Return only the lines from the top of the data down to the one that holds "欧米人風あだ名 | 『アンジェラ・カエ』『ウサインカエ』 |", both included, without any pictures.
Material for this task START
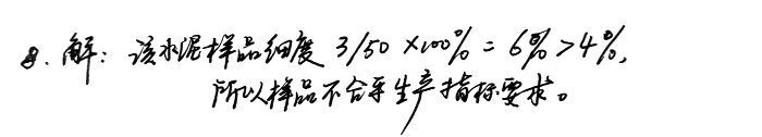 8、某廠水泥樣品50g,經0.08mm方孔篩篩析,達到規(guī)定時間所剩料量為3g,問該樣品是否合乎生產指標要求?(要求水泥細度<4%)
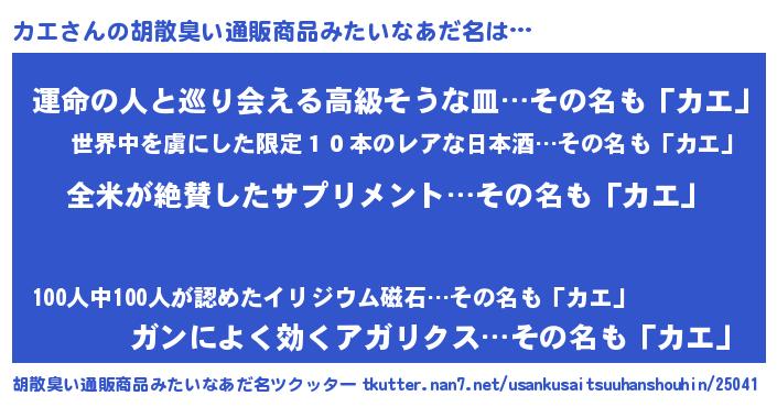 | 欧米人風あだ名 | 『アンジェラ・カエ』『ウサインカエ』 |
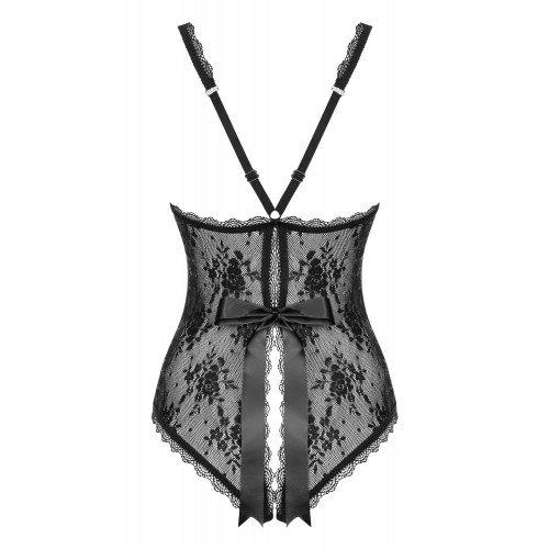 Детали: тонкое черное боди, эластичное кружево с цветочным узором, регулируемые бретельки с драгоценными камнями на спине буквой "V", крой, подчеркивающий талию, эластичная сетка - идеально подходит для любой фигуры, открытая промежность, сексуальный разрез на спине, доходящий до уровня талии, на спине большой кокетливый атласный бант, нежная и эластичная ткань Multistretch.
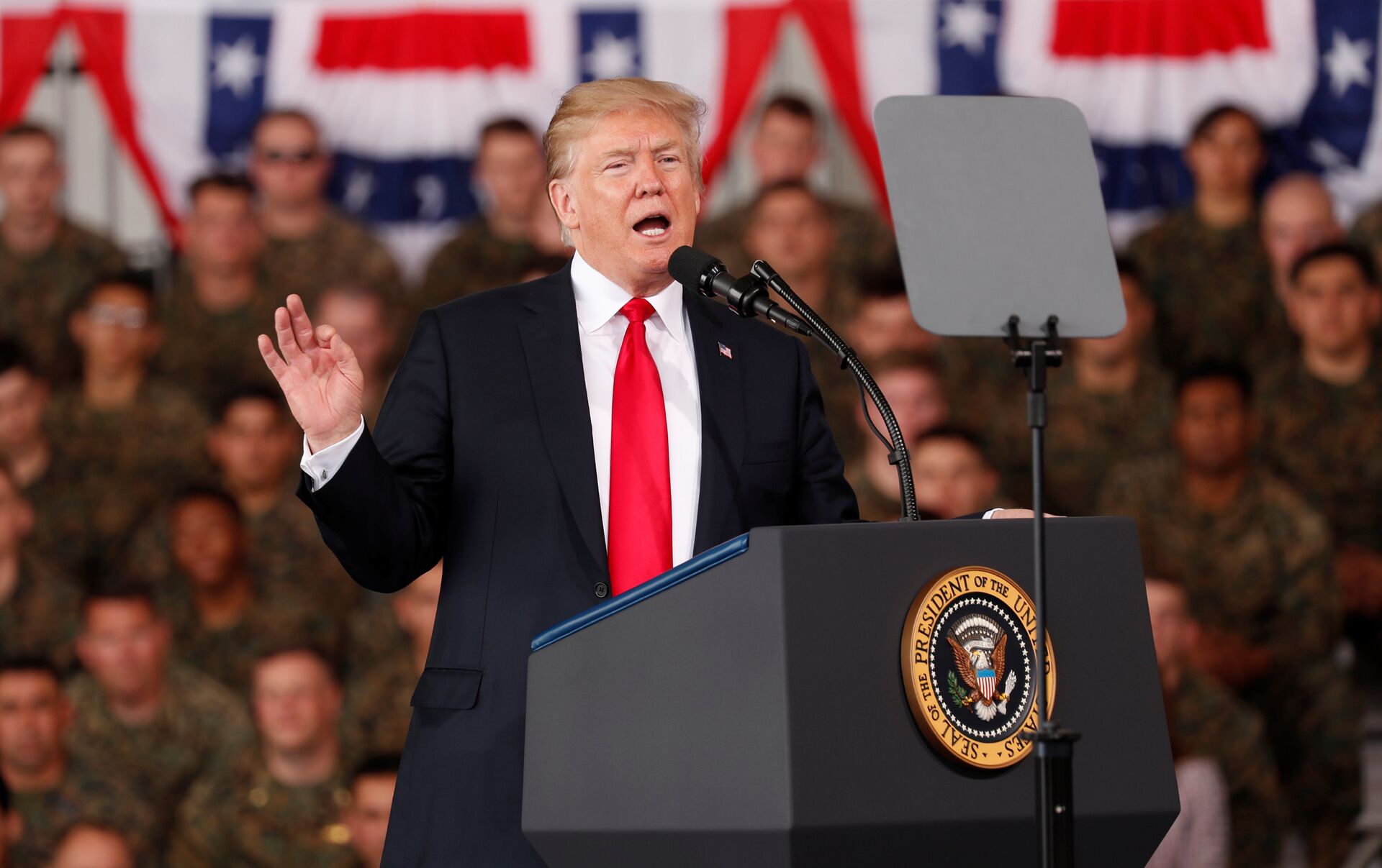 "Mi nueva estrategia nacional espacial reconoce que en el espacio pueden tener lugar acciones de combate al igual que en la tierra, el aire y el agua, nosotros incluso podemos tener fuerzas espaciales… tenemos fuerza aérea, tendremos espaciales, terrestres y navales", expresó durante un discurso en California.
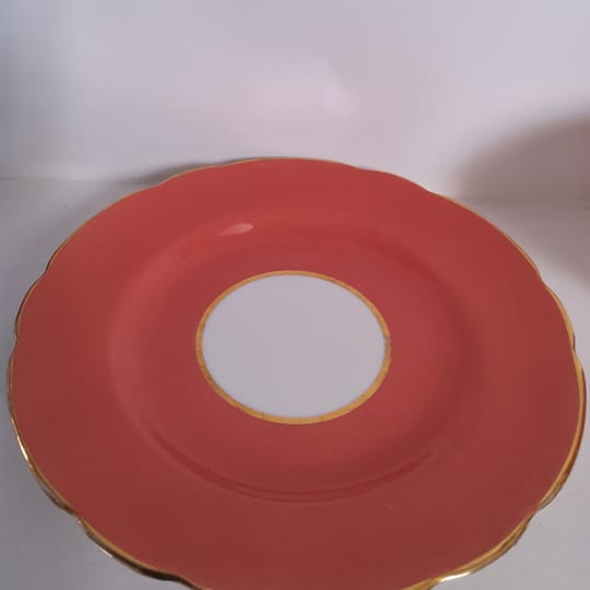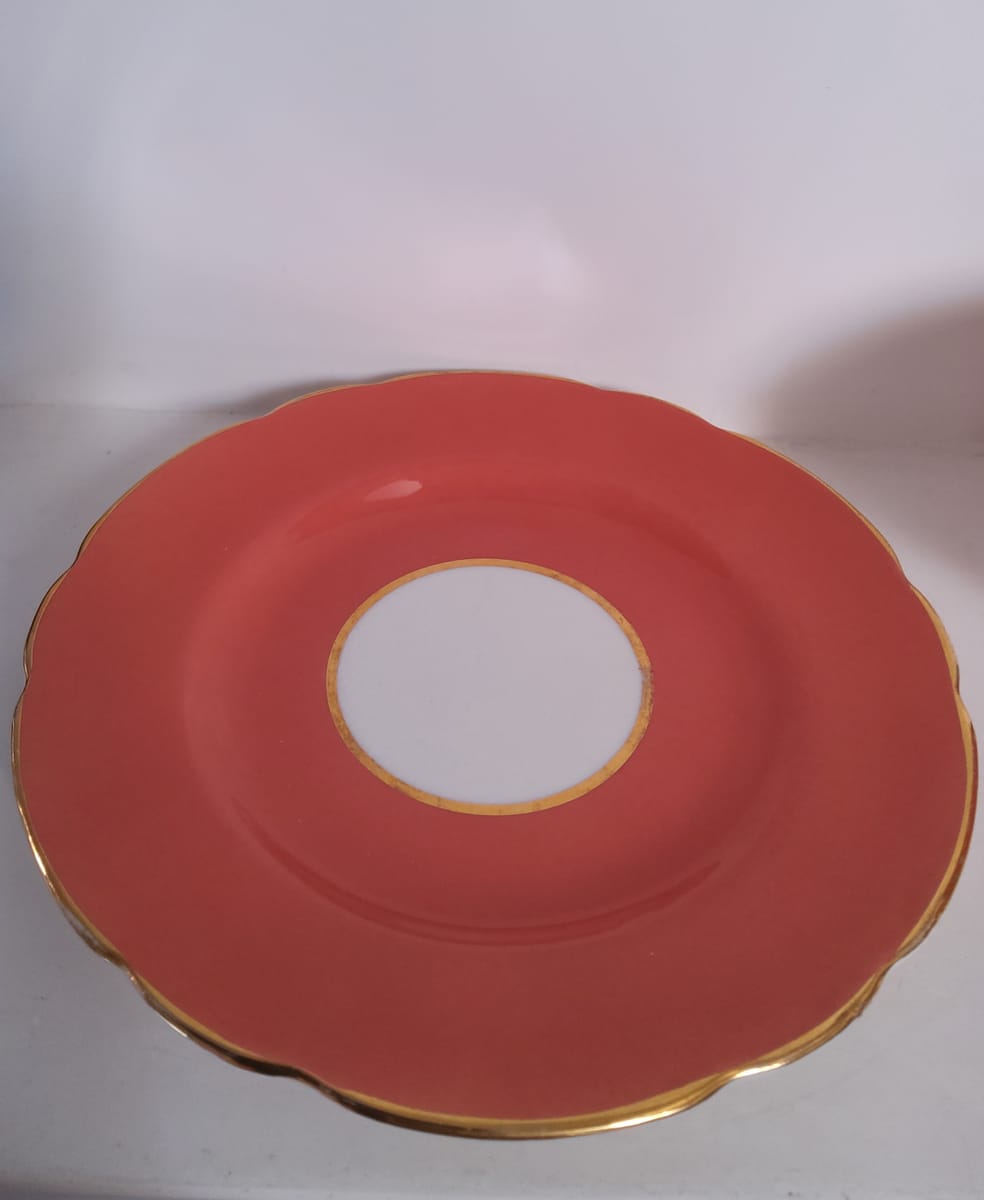 Изработен в периода 1930 – 1970 г., този великолепен сет впечатлява със своя топъл коралов цвят, изящно изрисувани розови и златисти рози, както и с деликатния ръчно нанесен златен кант, който подчертава неговата аристократична визия.
Material for this task END
> Expected answer:
 8、某廠水泥樣品50g,經0.08mm方孔篩篩析,達到規(guī)定時間所剩料量為3g,問該樣品是否合乎生產指標要求?(要求水泥細度<4%)
 | 欧米人風あだ名 | 『アンジェラ・カエ』『ウサインカエ』 |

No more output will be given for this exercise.